Isabelle, veillant jour et nuit sa fille, attribuait l’égarement d’esprit de la pauvre enfant à la violence de la fièvre et au terrible souvenir du carnage des habitants de Saint-Pierre. Un grand abattement, une extrême faiblesse, succédèrent à la maladie de Jeannette ; revenue à Domrémy, elle dut rester au lit pendant quelques semaines, mais ses rêves lui retraçaient les mêmes images que son délire. Elle éprouva d’ailleurs un vif chagrin : sa marraine avait été, sans que l’on pût s’expliquer cette cruauté, l’une des victimes des Anglais ; son cadavre fut retrouvé percé de coups. Jeannette pleura Sybille, autant par tendre affection que par regret d’être à jamais séparée de celle qui lui contait de si merveilleuses légendes, d’ailleurs à jamais gravées dans sa mémoire.
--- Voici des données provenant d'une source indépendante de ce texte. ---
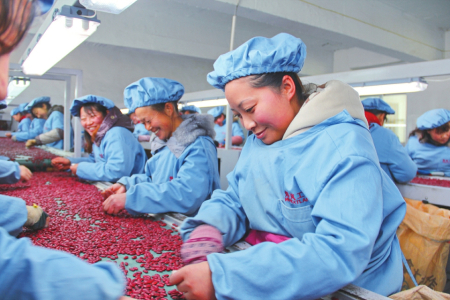 岢嵐有野生沙棘49萬畝。宋家溝功能食品有限公司是一家從事沙棘全產(chǎn)業(yè)鏈精深加工的開發(fā)企業(yè)?!笆袌?chǎng)上沙棘汁常見,但沙棘茶不多見?!笨偨?jīng)理張艷峰介紹,其實(shí)早在1977年沙棘就入了藥典,藥用價(jià)值、食用價(jià)值非常高?,F(xiàn)在人們對(duì)健康養(yǎng)生非常重視,為此,公司組織科研力量進(jìn)行攻關(guān),成功開發(fā)出沙棘茶,廣受市場(chǎng)歡迎。“我們以每斤2元的價(jià)格從村民手里收購沙棘鮮葉,村民只要上趟山采摘,回來就能變成錢?!?/p>
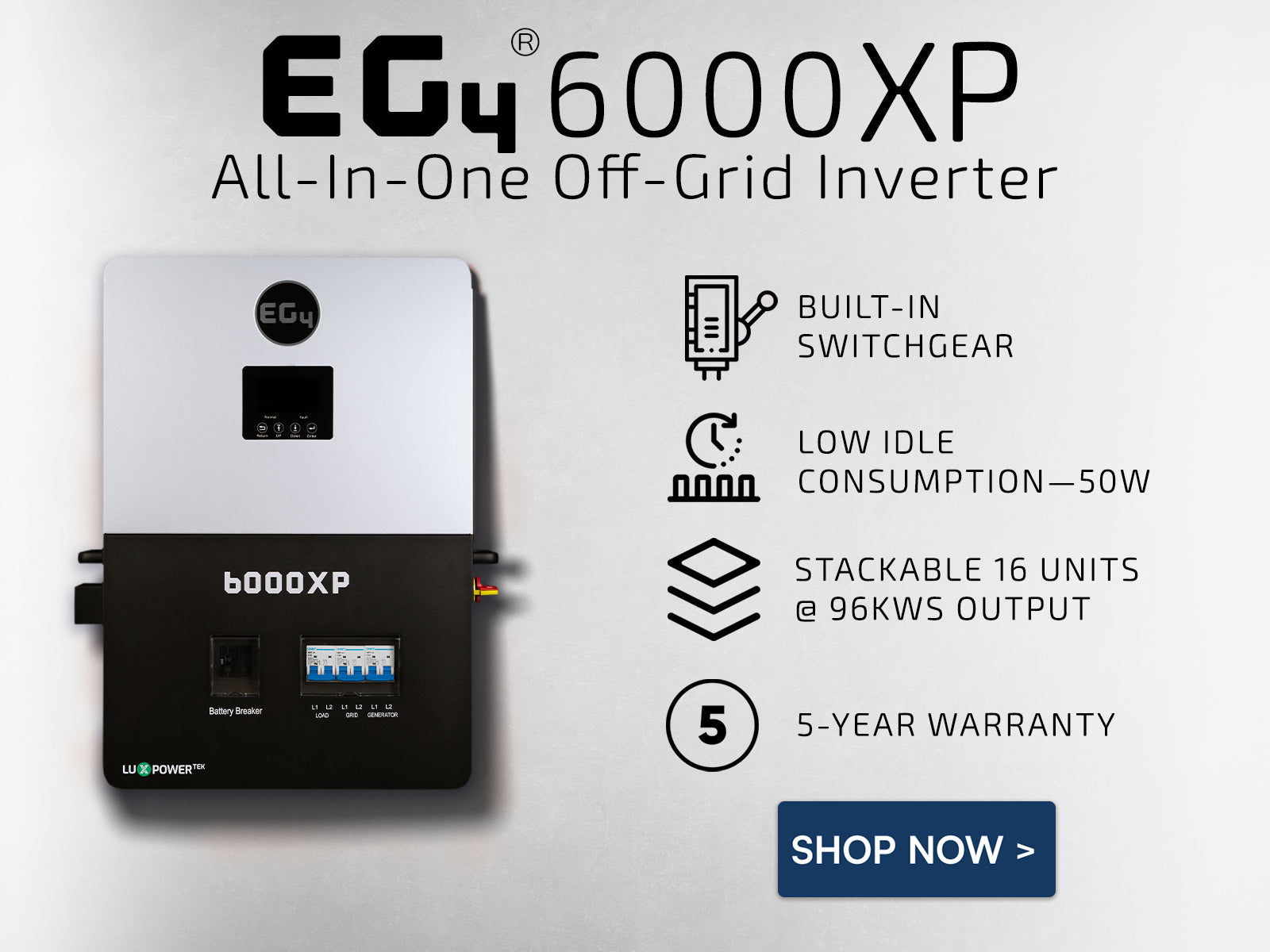 Complete Off-Grid Solar Kit EG4 6000XP | 8000W PV Input | 6000W Output | 48V 120/240V Split Phase + 6400 Watts of Solar PV

Deux mois se passèrent. Jeannette touchait à l’âge de quatorze ans ; elle semblait revenue à la santé ; cependant, les symptômes de sa puberté n’ayant pas paru, elle ressentait fréquemment des douleurs de tête presque intolérables, suivies de vertiges et d’éblouissements. Isabelle, d’autant plus inquiète qu’elle se rappelait les paroles du médecin, alla de nouveau le consulter ; il répondit : « — que l’émotion violente causée par l’invasion des Anglais et par le spectacle de leurs cruautés avait dû jeter une perturbation profonde dans l’organisation de la jeune fille ; mais que ses maux cesseraient lorsque, plus tard sans doute, les lois de la nature suivraient leur cours. »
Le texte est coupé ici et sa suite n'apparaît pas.